At any given moment during my working day, I have browser tabs open for my email account, Feedly, TechCrunch, WordPress, Convo, Twitter, Google Calendar, Reddit, Pinterest and Facebook. That’s in addition to all the sites I am using for research (or to procrastinate) and desktop apps like Skype and Spotify. As a result of tab overload, and my ever-dwindling supply of brain cells, I often suffer from Google Amnesia. Searchlet won’t give me back the bits of my brain I have already lost, but the handy Web app will increase my productivity by making searches a lot easier.

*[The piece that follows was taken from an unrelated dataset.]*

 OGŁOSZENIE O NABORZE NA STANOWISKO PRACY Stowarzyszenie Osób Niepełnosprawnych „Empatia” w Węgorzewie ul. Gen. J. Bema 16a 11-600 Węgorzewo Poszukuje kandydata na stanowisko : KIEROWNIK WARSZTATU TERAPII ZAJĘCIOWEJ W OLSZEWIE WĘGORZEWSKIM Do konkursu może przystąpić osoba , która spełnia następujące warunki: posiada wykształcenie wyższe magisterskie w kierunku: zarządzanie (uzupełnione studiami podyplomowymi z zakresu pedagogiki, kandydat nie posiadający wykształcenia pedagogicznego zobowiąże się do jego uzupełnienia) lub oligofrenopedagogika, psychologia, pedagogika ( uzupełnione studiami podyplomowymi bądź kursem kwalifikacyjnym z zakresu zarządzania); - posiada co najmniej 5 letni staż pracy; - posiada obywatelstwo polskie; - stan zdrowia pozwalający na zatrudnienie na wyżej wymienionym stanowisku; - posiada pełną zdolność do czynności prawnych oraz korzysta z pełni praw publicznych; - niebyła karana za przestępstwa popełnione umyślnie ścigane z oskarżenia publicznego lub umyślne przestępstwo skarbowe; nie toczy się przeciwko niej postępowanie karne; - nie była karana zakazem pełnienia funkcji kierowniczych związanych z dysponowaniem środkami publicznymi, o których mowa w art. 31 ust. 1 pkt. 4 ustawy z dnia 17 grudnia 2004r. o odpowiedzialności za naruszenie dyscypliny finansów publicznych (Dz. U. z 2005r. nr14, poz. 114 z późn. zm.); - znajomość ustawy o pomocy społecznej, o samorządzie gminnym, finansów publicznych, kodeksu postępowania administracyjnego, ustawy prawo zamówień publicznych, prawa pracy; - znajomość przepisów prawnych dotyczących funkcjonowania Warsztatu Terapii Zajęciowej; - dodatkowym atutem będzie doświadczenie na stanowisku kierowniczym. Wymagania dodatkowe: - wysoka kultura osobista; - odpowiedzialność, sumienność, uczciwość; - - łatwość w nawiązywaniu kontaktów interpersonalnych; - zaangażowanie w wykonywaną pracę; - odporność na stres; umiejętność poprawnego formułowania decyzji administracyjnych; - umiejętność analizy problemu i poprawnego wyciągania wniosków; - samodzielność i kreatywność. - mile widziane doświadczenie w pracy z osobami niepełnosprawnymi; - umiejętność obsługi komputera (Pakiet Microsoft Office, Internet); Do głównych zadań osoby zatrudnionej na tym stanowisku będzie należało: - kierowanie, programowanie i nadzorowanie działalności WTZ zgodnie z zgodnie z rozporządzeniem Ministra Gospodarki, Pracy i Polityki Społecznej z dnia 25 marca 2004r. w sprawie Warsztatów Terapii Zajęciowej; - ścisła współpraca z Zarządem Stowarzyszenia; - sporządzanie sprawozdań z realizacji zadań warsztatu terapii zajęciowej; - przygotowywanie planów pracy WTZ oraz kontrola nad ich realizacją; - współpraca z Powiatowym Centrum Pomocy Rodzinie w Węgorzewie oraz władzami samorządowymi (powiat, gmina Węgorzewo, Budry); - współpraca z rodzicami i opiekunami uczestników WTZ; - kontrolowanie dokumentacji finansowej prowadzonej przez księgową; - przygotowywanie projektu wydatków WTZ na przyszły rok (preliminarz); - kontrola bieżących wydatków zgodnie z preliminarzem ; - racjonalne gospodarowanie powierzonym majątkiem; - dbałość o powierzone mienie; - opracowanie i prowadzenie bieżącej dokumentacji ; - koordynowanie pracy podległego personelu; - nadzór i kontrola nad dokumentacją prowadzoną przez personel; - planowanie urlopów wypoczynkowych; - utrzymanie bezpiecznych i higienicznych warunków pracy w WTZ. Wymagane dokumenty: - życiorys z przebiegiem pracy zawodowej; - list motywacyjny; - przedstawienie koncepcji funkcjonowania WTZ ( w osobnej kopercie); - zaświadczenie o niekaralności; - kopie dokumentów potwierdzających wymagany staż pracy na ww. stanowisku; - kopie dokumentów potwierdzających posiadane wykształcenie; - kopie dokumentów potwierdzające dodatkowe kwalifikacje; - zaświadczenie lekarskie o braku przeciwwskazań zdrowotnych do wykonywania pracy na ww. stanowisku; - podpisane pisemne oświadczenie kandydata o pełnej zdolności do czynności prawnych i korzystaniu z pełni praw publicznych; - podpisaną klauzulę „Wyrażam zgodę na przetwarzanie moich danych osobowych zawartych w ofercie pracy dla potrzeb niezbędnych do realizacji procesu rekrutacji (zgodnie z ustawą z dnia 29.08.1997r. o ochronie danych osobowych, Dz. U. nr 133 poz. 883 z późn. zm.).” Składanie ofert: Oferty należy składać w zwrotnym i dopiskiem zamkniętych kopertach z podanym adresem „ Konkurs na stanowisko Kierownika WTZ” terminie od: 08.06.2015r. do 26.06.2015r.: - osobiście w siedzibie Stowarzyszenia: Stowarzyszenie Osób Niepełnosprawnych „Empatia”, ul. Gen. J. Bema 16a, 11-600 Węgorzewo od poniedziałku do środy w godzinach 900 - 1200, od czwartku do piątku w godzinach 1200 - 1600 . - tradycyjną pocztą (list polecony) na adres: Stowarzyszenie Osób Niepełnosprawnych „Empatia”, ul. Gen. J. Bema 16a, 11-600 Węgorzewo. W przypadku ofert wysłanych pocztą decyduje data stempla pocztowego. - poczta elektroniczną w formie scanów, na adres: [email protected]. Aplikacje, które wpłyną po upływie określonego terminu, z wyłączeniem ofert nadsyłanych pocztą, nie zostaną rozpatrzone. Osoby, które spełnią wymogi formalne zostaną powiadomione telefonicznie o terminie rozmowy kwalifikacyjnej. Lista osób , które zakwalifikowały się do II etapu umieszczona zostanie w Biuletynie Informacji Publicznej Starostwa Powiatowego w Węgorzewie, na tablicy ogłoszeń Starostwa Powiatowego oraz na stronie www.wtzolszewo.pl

To use Searchlet, all you need to do is install it onto your bookmarks bar. When you highlight a term and click on your Searchlet button, a sidebar slides into the left of your browser page and shows you results from four online references: Google, Wikipedia, Google News and open content dictionary Wiktionary. The sidebar is unobtrusive and fast. Its results refresh when you highlight new terms and it disappears as soon as you close it.
Creators Mark Fazzini and Spencer Simonsen met while they were both undergraduates at the University of Florida and collaborated on several projects before getting their degrees, including a mobile deals platform and an online music community. Fazzini’s background is in technology sales and the financial services industry, while Simonsen is a web programmer and developer currently working at LinkedIn. Searchlet is the first product from Spin Labs, which the two launched to “create innovative web products for businesses and consumers.”
Searchlet is handy for all Internet users who want to increase their productivity (or just keep their browser tabs manageable), but I think it’s especially useful for students, researchers and easily distracted information junkies. Fazzini says the next version of Searchlet, which will be released in late January, will include results from sites like Google Images, YouTube, Twitter and LinkedIn (I am especially excited about seeing results from Google Images in the Searchlet sidebar because that means I will be able to use it as a visual dictionary when reading Chinese-language sites). A mobile version is also in the works.
“A few months ago, Spencer was reading one of his favorite tech blogs and noticed that he opened seven different tabs just to search different terms and concepts on Google and Wikipedia. After getting very anxious about the number of tabs that were open (like most of us do), he thought about how nice it would be to get the relevant information he was looking for, right there on the page,” Fazzini told me by email.
“Our goal is to enhance the online web browsing experience for everyone, by adding an additional layer which allows you to get the information you need within a few short seconds,” he adds. “Not only does this enhance the online web browsing experience and make users more productive, but having a tool like Searchlet at your fingertips can increase a user’s impulse to gather new knowledge dramatically.”
The duo claims that Searchlet can increase search speeds by up to 86%, a figure that they arrived at base on initial testing that looked at how long it took a user to highlight text, open up a new tab and then navigate to Google, Wikipedia, Google News or Wiktionary to perform a search, a process they found took about 10 to 15 seconds for each site. Using Searchlet reduced that time to about four to six seconds.
“We concluded that searching all four sources (Google, Wikipedia, News, Dictionary) by hand takes around 50 seconds on average and with Searchlet it only takes six. This is how we found Searchlet to be around 86% faster than searching by hand,” Fazzini explains.
On the monetization side, Fazzini says Searchlet can potentially earn revenue through advertising, partnerships and premium resources, but the startup’s current focus is getting Searchlet on as many bookmark bars as possible in order to improve its functionality. To start using Searchlet, visit its site and drag the button onto your bookmark bar.